榎木津の下僕ども(笑)が、右往左往しているところに、榎木津が登場すると一気にテンションが上がる、そのギャップがなんともおかしい。堪能しました。 |
『ともだち』 |
樋口有介著 |
+3点 |
樋口有介、久々のヒット。キャラ、プロット(ミステリ的には、見るべきものはないが)ともにいいのは、ずいぶん久しぶりのような。 |
『法月綸太郎の新冒険』 |
法月綸太郎著 |
+3点 |
待望の新作。
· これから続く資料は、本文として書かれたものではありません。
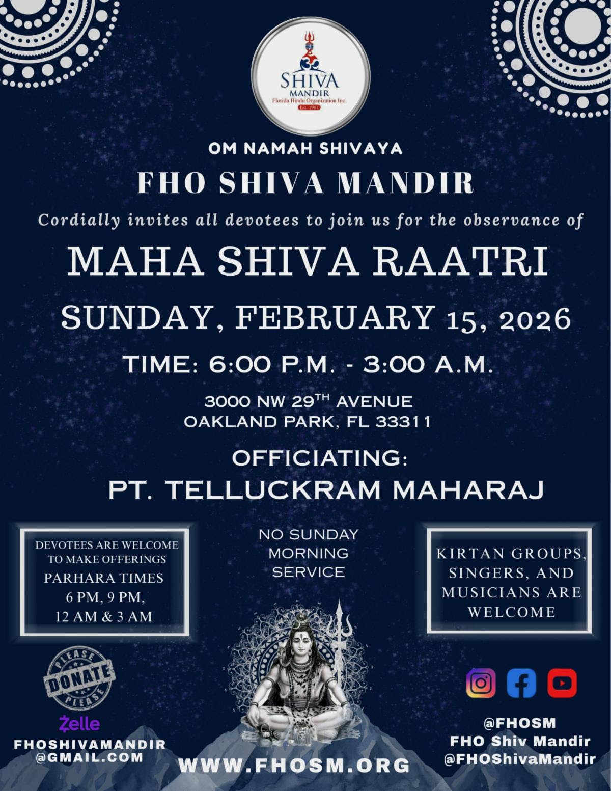 Everyone is invited to celebrate this auspicious occasion of Maha Shiv Raatri
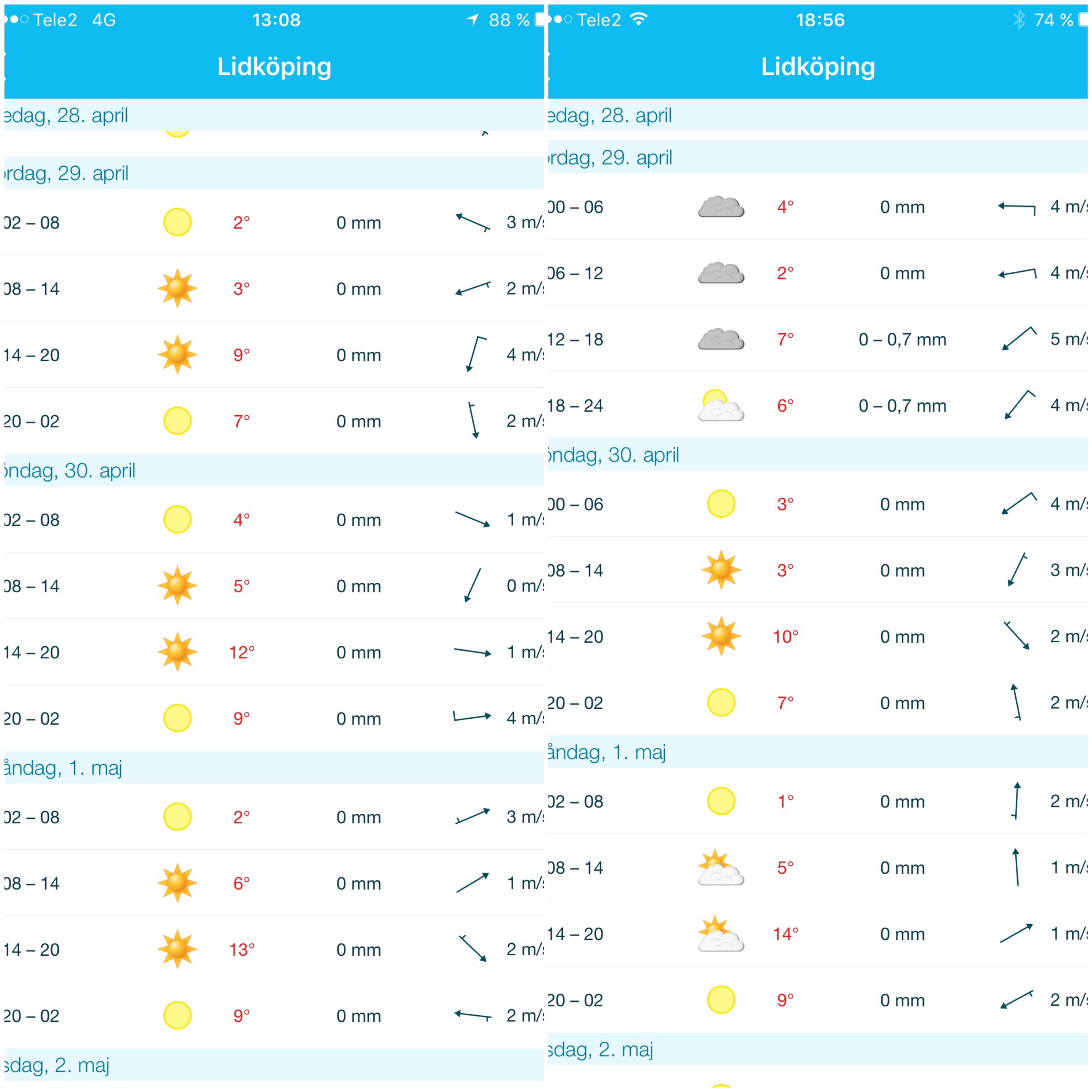 Hur många gånger kan / får man ändra sig som metrolog?? Jag bara undrar! Så här såg det ut i måndags jämfört med nyss:

なんかTVネタが多すぎるような、と思いつつ一番面白かったのは、「世界の神秘を解く男」だったりする。
しかし、長編はいつになったら読めるのだろうか? |
『千里眼』 |
松岡圭祐著 |
+3点 |
けっこう批判的な意見を目にすることが多いのだが、欠点を補ってあまりあるストーリーテリングの面白さは評価すべきだと思うのだがどうか。 |
『Pの密室』 |
島田荘司著 |
+3点 |
「Pの密室」「鈴蘭事件」ともどもミステリ的にも秀逸で、島荘復活を思わせる切れ味である。特に表題作である「Pの密室」の幕切れの残酷さは、なんとも印象的。 |
『カーニバル・デイ』 |
清涼院流水著 |
-2点 |
全部読み通した自分を自分で褒めてやりたい気分である。どんなオチをつけるか、それだけを楽しみにしていたのだが……。ものすごく粗雑で出来の悪い「総門谷」みたいな結末に脱力。まあ、少なくともミステリじゃあないよな、これ。